“Who told you this?”
Peter took Andrew Butler’s business card out of the bowl. He held it in Kate’s direction. After Greene Houseman took Ascalon public it put Andrew on the board to watch its investment. It could hardly put Kate in that spot while she was sleeping with the president. She recognized Andrew’s handwriting on the back of the card.
Jack Carpenter testified in a deposition last week; he first approached Kate about the bid in November. Is that true? If so, I should have been told. The Board should have been told. If Kate sat on this information so she could take that deal with her to Drake, there will be hell to pay.
“This is bullshit.”
“Bullshit or the gospel, it’s ours now, Kate.”
Kate was less than five feet from Peter but he might as well have already moved to China.
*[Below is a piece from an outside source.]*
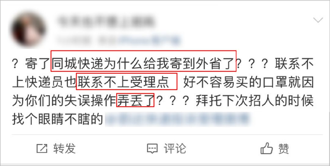 还有一些同学的同城快递被寄到了外省,而且寄着寄着就丢了,丢了以后还没人处理: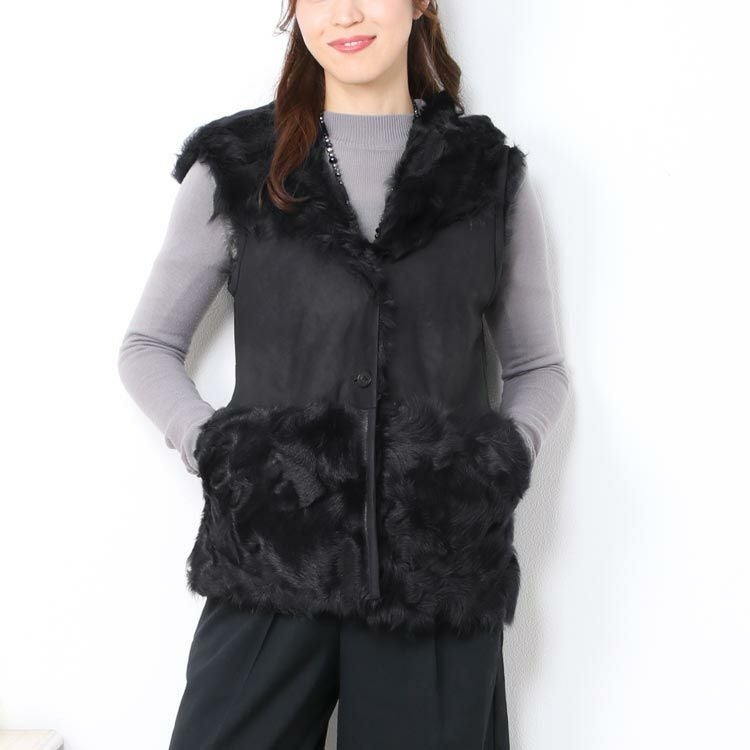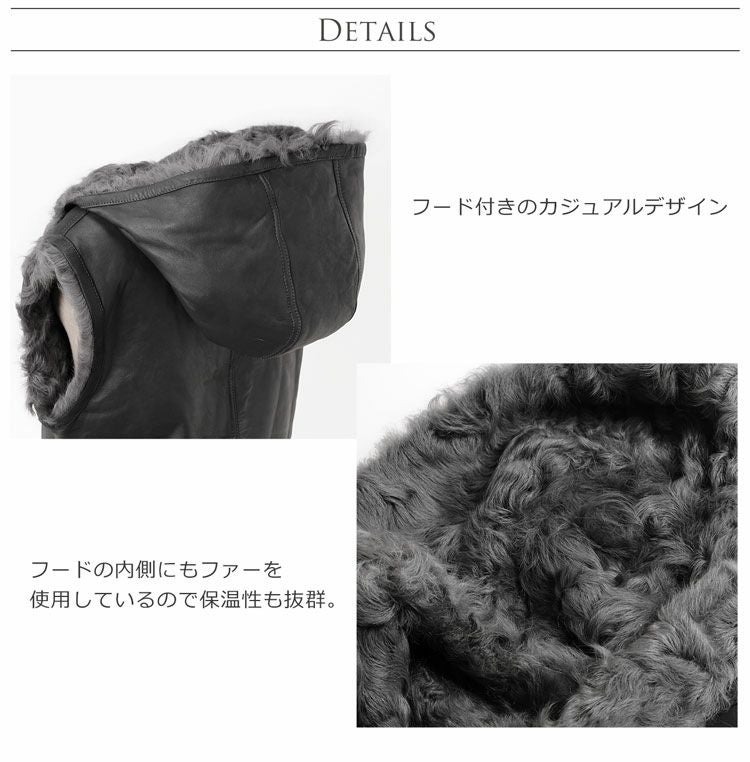 | 商品名:カルガンラム ファー レザー ベスト フード付き / 一枚革 仕立て レディース |

“Peter, we can’t let this nonsense distract us,” she said. If there is any hope that someone else will be interested you’ve got to get Ascalon back on its feet. I’ve got to stay focused on keeping Steve Reed from cutting me out of inheriting Ed’s position at Drake or I’ll be scraping around for a job. You said you haven’t yet fallen through the ice, but we’re both about to. And we’ll take Sarah and Mack and this house and that debt weighing us down with us.”
“Mack!” Peter shouted.
Kate gripped the edge of the counter. “Don’t use the children as an excuse not to deal with this. Come on, Peter, we need to be there for each other on this. Completely.”
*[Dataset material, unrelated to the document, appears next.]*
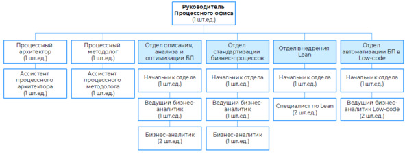 На рис. 5 показана структура процессного офиса для организации численностью 1000—5000 работников.

“His game starts in half an hour. Two minutes, Mack.”
“But I just made it to the sixth level,” Mack called from the family room.
“Crash and burn, fella. We’ve got to blow outta here.” He lowered his voice. “Crash and burn, kid. Welcome to my world.”
Mack walked back into the kitchen. “Mom, are you coming to my game?
“Of course, sweetie, but I’m going to take a shower first. I’ve been on an airplane all night. I’ll meet you there. You two run along.”
Even a few minutes of solitude would have been a gift. Kate was grateful when Peter scooped up Mack and took him out the back door without saying anything more about Ascalon.
Kate reread the note, turned it over, and ran her finger over the raised letters of Andrew’s name. She then read it a third time.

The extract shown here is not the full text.